## WHAT TO WORK ON
From the line containing "Ваза для цветов, напольная" down to the line containing "2枚目は、昼食場所であるポー", copy out the entries below exactly, both lines included, and nothing else; pictures do not belong in the copy.
+---+
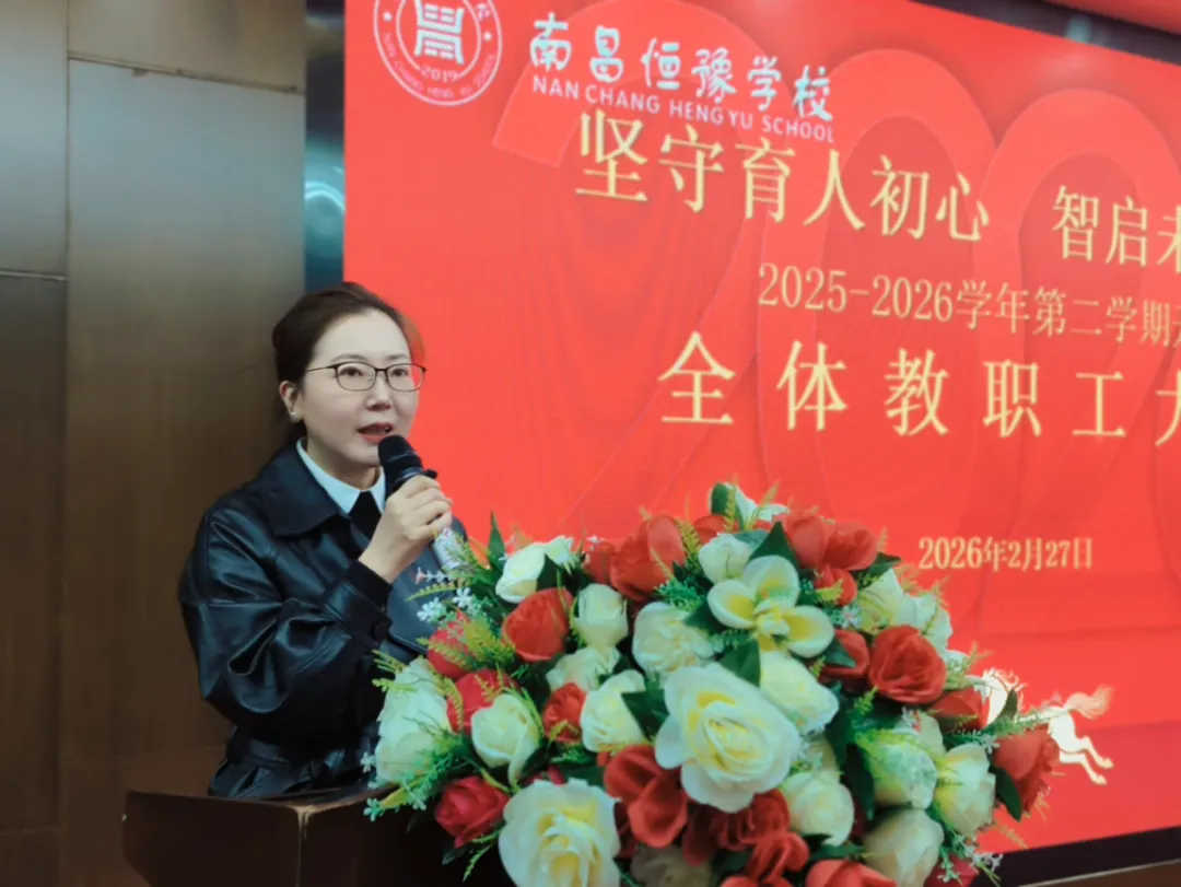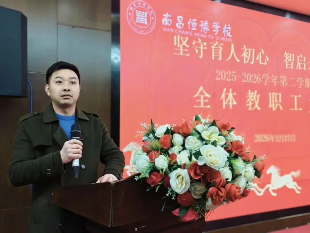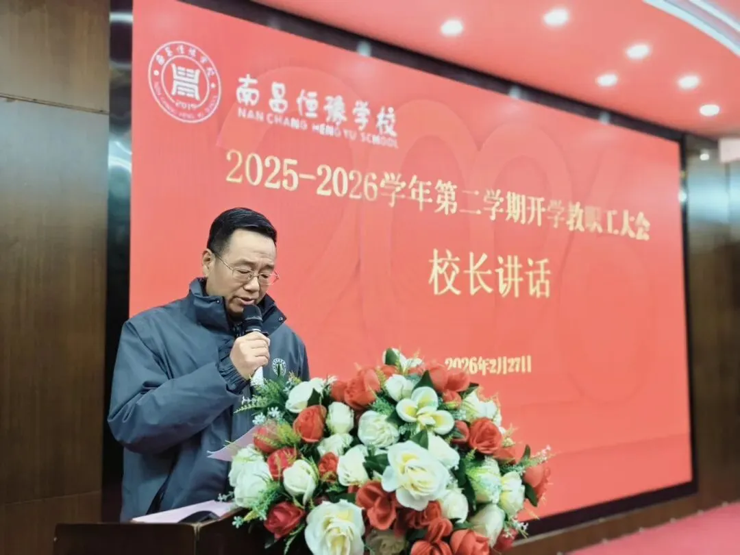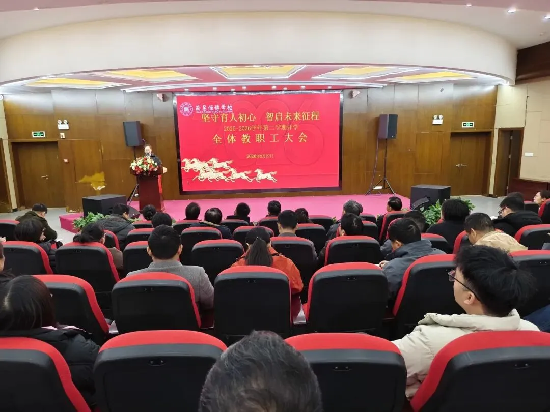 桃红柳绿春光好,读书求学正当时。在充满希望的春天,我们迎来了新的学期。2月27日上午9:00,南昌恒豫学校2025-2026学年下学期开学全校教职工大会在学校合班教室举行,会议以“坚守育人初心 智启未来征程”为主题。盛仁教育集团副总经理童如洁、执行校长何源、小学部校长王胜、校长助理陈江远、工会主席尚晓红、高中部副校长李永田、初中部副校长叶歆及全体教职工参会。会议由校办主任杨生桃主持。
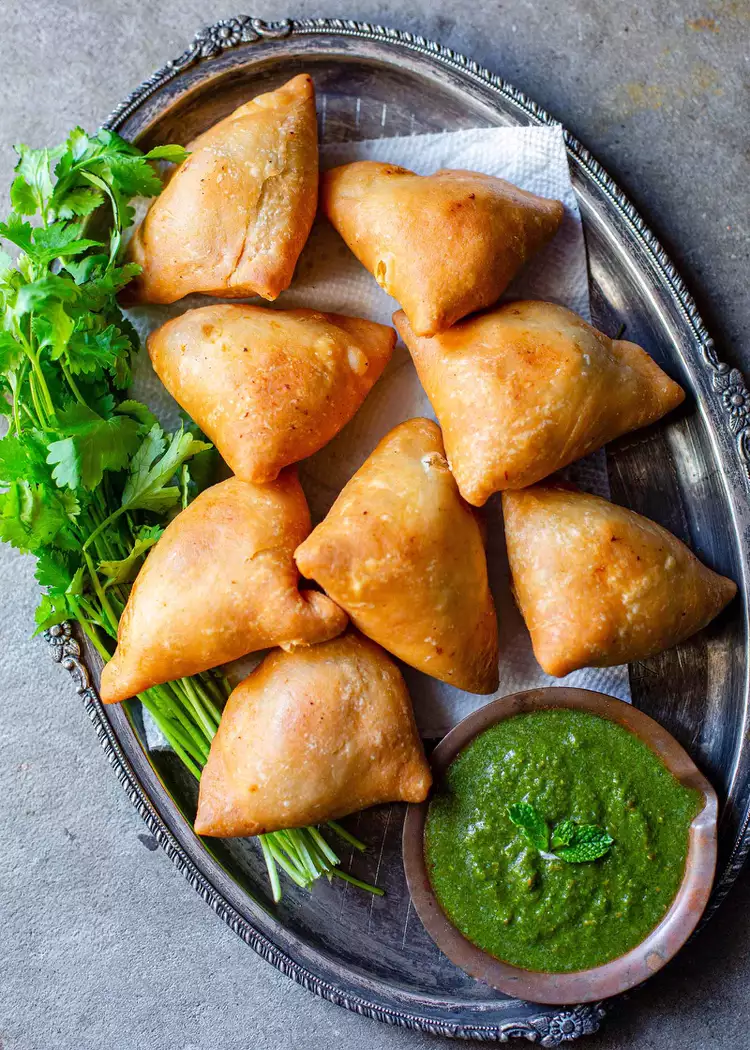 Friend pastry stuffed with potatoes and greem pegs served with chutney
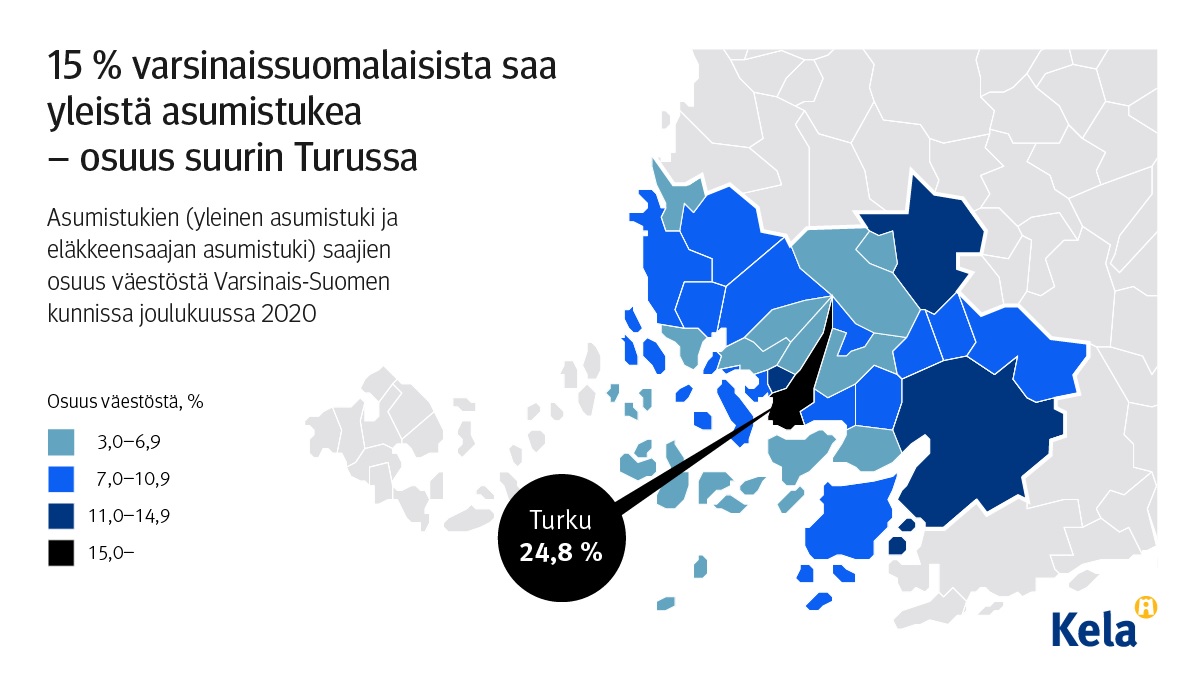 Yleistä asumistukea tarvitaan eniten maakuntien keskuskaupungeissa. Myös Turku erottuu Varsinais-Suomen muista kunnista selvästi. Siellä yleistä asumistukea sai viime vuoden lopussa 27 400 ruokakuntaa. Tukea saaviin ruokakuntiin kuului 48 400 henkilöä eli noin neljännes alle 65-vuotiaista asukkaista.
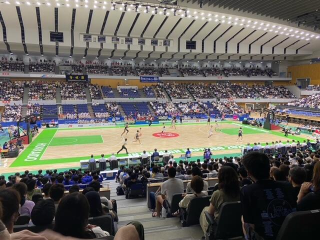 まず、北海道インターハイがあったということで、せっかくなので決勝戦をチームで観戦について。自分が生きている間にインターハイが来ることは2回程度かなと思います。もし36年後に開催されているとしたら私は68歳、生徒たちは53歳くらいということです。全く想像がつかない未来ですね。今回出場していた学校の顧問に大学の先輩や後輩達がいるということで、10年以上ぶりに会ってきました。当時の話や現在の話はもちろんしましたが、それぞれからレベルの高い話や自チームに生かせそうな話を聞けました。うらやましい気持ちもありましたが、自分は総経で頑張ろうという気持ちが高まりました。そんなことはさておき、試合の話に。決勝戦の女子は京都精華vs桜花学園という近年では非常に熱い2チームの対戦でした。一人ひとりの技術、サイズはもちろんのこと、チーム力も高く非常に面白い戦いでした。男子は日本航空vs東山。両チームに留学生がおり、非常に見応えのある一戦でした。生徒たちは日本一が決まる瞬間を自身の目で見て、なにか感じることがあったのでしょうか?あの場所で勝つために命をかけて活動している人たちですから、そこに感動があるのは当然です。「じゃあ総経も日本一を目指すぞ!」とまでは正直なれないかもしれませんが、自分たちが立てている目標の達成はなんとしても果たしたいところだなと強く思いました。そしてバスケットはもとよりスポーツや部活動の素晴らしさを再確認することができました。
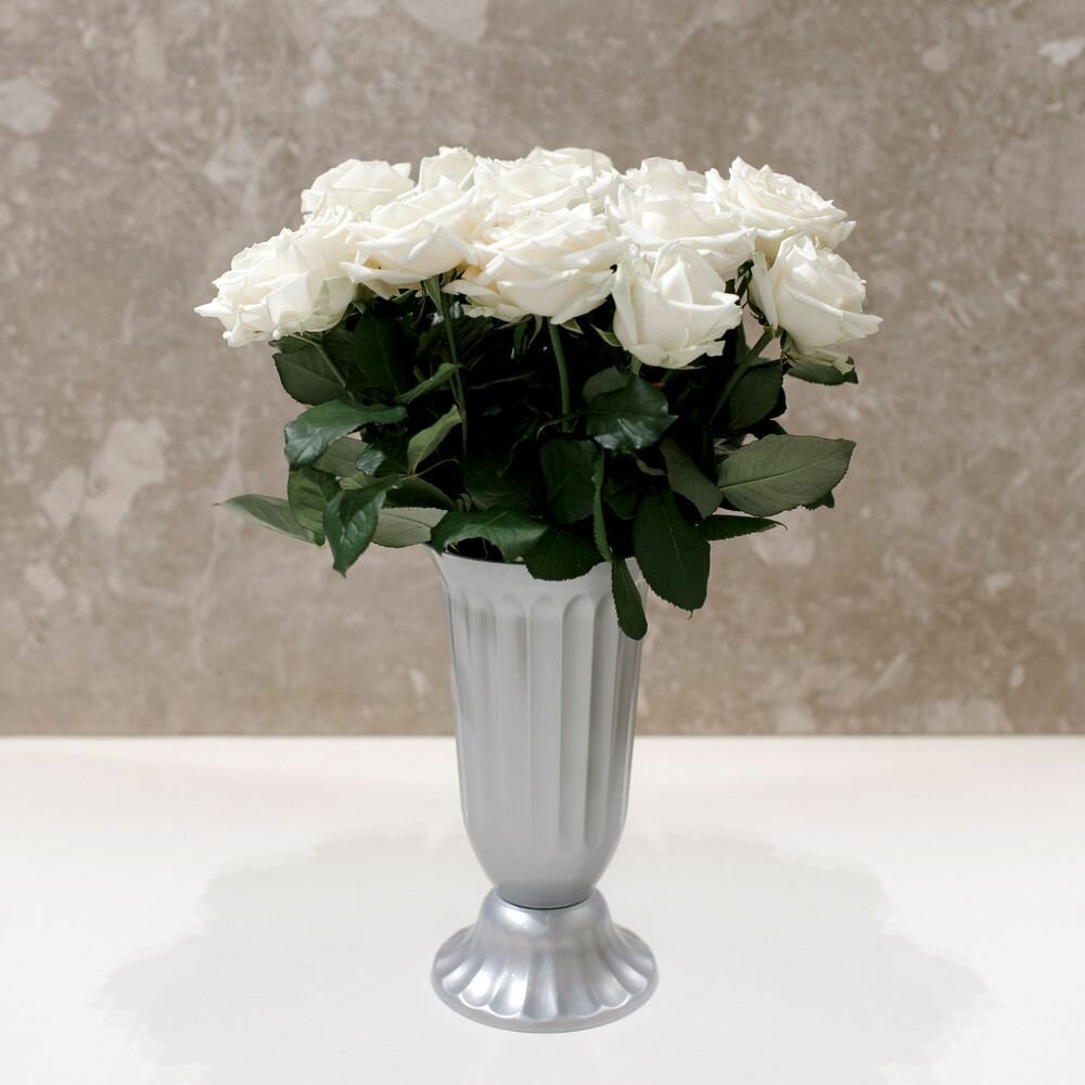 Ваза для цветов, напольная пластиковая белая 30 см
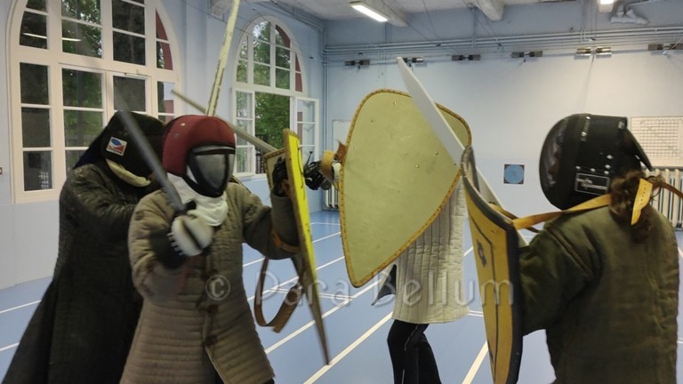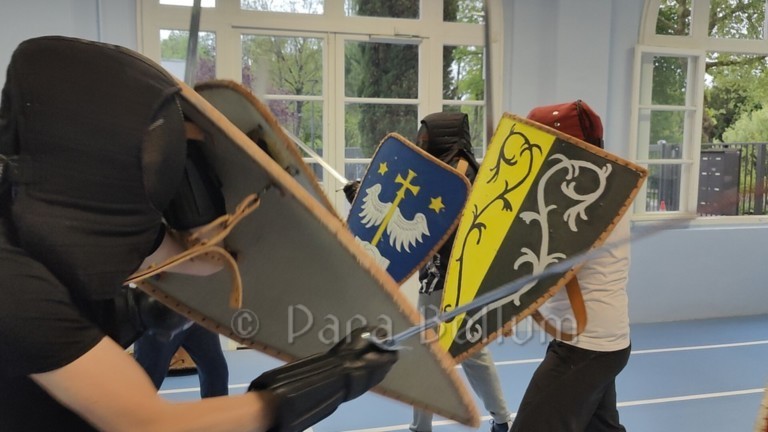 La pratique martiale au XIIIème siècle fait appel à des compétences et armes variées. Epée et grand bouclier, dague, lutte, bocle. Ces techniques convergent vers un seul but : Une efficacité martiale complète.
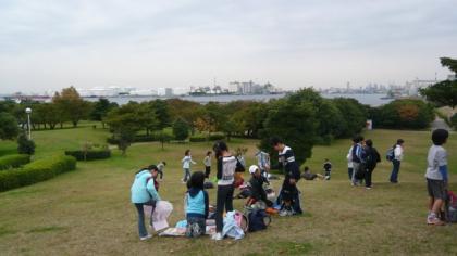 2枚目は、昼食場所であるポートパークです。ちょっと寒かったけど、広い敷地でおいしくお弁当をさっさと食べて、芝生の上を走ったり、転がったりしてたくさんあそびました。
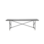 Choose between a black powder-coated or stainless steel frame paired with a distinctive Italian marble top. Embrace the uniqueness of each marble tile, as variations create a one-of-a-kind stone. For added warmth and an elegant touch, opt for solid brass details with the black frame.
+---+
## FINISHED TASK
 Ваза для цветов, напольная пластиковая белая 30 см
 La pratique martiale au XIIIème siècle fait appel à des compétences et armes variées. Epée et grand bouclier, dague, lutte, bocle. Ces techniques convergent vers un seul but : Une efficacité martiale complète.
 2枚目は、昼食場所であるポートパークです。ちょっと寒かったけど、広い敷地でおいしくお弁当をさっさと食べて、芝生の上を走ったり、転がったりしてたくさんあそびました。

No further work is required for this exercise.